The invention relates to mask data preparation for integrated circuit manufacturing, and more particularly it relates to an innovative tree-based approach for fracturing of layout polygons into sub-polygons (more usefully, into trapezoids) for mask writing.
As device technology continues to scale below the 65 nm process node, the number of geometries added by the heavy application of resolution enhancement techniques (RET) continues to grow. In part, this is a consequence of 193 nm lithography having to suffice for tighter geometries with every new process node. As a result, issues associated with mask data preparation (MDP) such as complexity, run time, and quality are growing in severity. As one major and core step in MDP, polygon fracturing (partitioning) converts the complex polygons generated by the layout process, into non-overlapping trapezoids suitable for mask writing. The partitioning run time and quality directly impacts the cost, integrity, and quality of the written mask.

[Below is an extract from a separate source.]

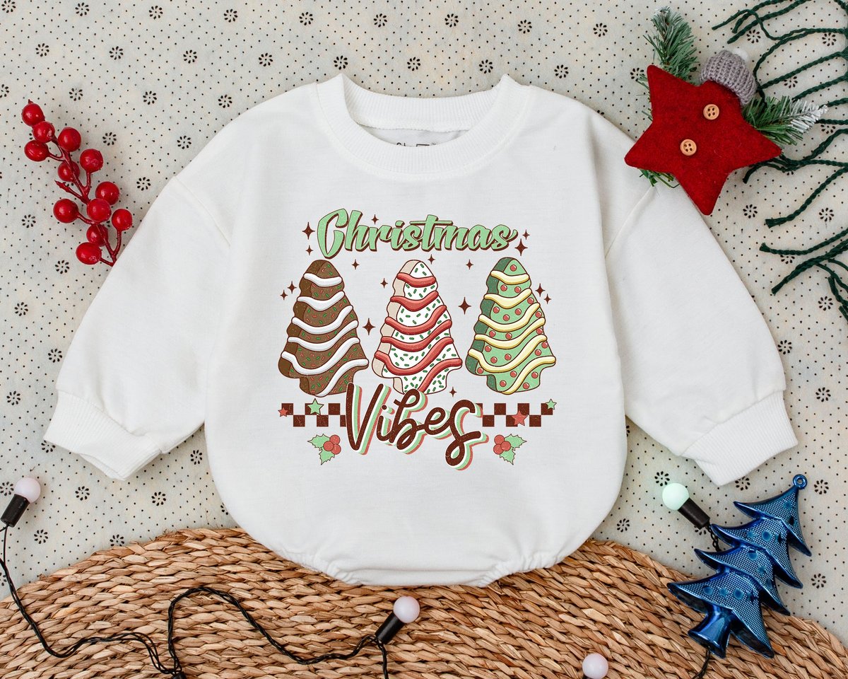 Christmas Vibes Romper Vintage Christmas Tree First Christmas Clothes Toddler Sweatshirt Baby Shower
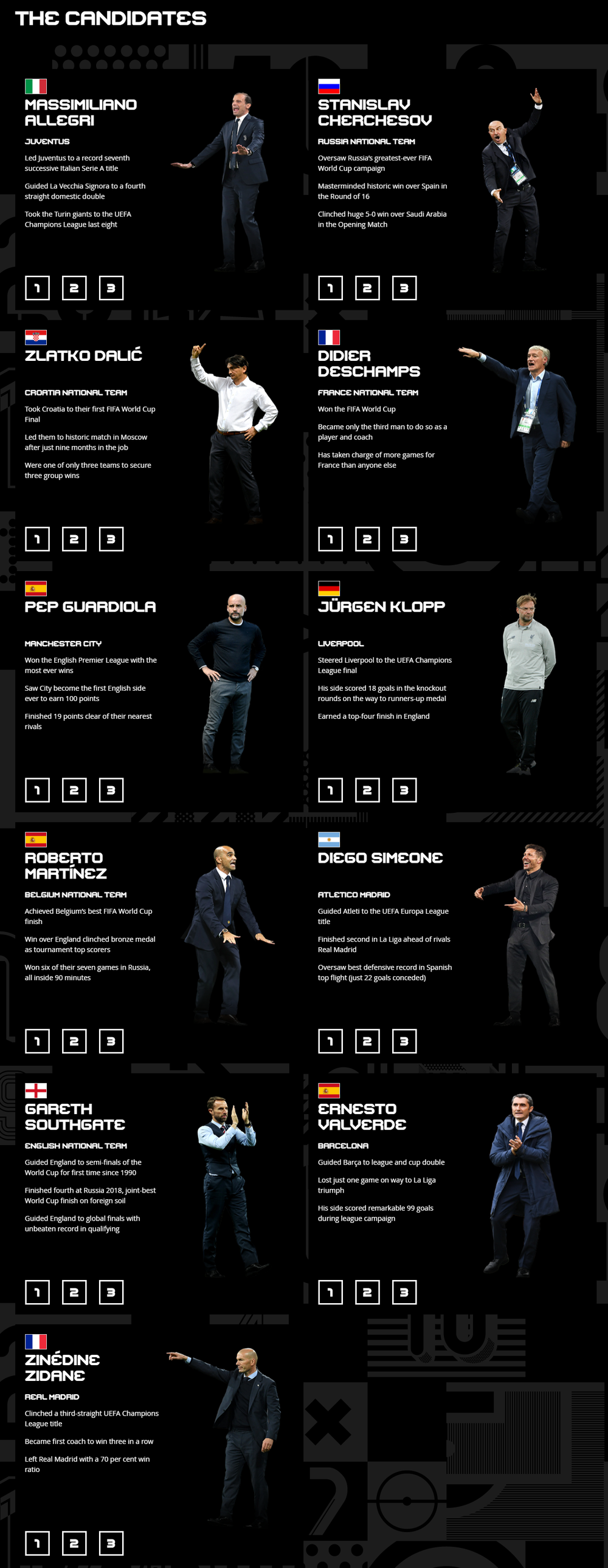 Здесь также опубликован список номинантов на звание тренера года ФИФА. В их числе - тренер сборной Франции Дидье Дешам, тренер хорватской сборной Златко Далич, тренер сборной Англии Гарет Саутгейт, тренер "Ювентуса" Массимилиано Аллегри, тренер "Манчестер Сити" Хосеп Гвардиола, тренер "Ливерпуля" Юрген Клопп, тренер сборной Бельгии Роберто Мартинес, тренер "Атлетико" Диего Симеоне, тренер "Барселоны" Эрнесто Вальверде, тренер "Реала" в сезоне 2017/2018 Зинедин Зидан, тренер российской сборной Станислав Черчесов.

For modern MDP, the main criteria for a high quality polygon partitioning solution are (1) to minimize the number of small unprintable geometries known as slivers; (2) to minimize the exposed boundary length of such slivers if unavoidable; and (3) to avoid CD (critical dimension) slicing cut lines. In most typical approaches, cut line based heuristics are used to solve the polygon partitioning problem. These heuristics need to go through iterations of local cut line evaluation, correction, and re-evaluation. Hence the cut line evaluation order and iteration depth can significantly impact the final result quality. For some examples, the global quality of the resulting partition is difficult to control.
The ever-increasing demand for a high quality of partitions requires a significant improvement over current algorithms. To meet all the above criteria, current cut line based heuristics are becoming more difficult to apply and the results are frequently trapped in local optima. In addition, each cut line based heuristic is usually designed and tailored toward a specific optimization objective such as minimizing the cut line length, or minimizing the figure count. If it becomes necessary to change the optimization objective, then the entire algorithm typically must be changed. The flexibility and portability of such changes for these cut line based methods are low.
There is a significant need, therefore, for new and better algorithms for achieving high quality polygon partitions for mask data preparation.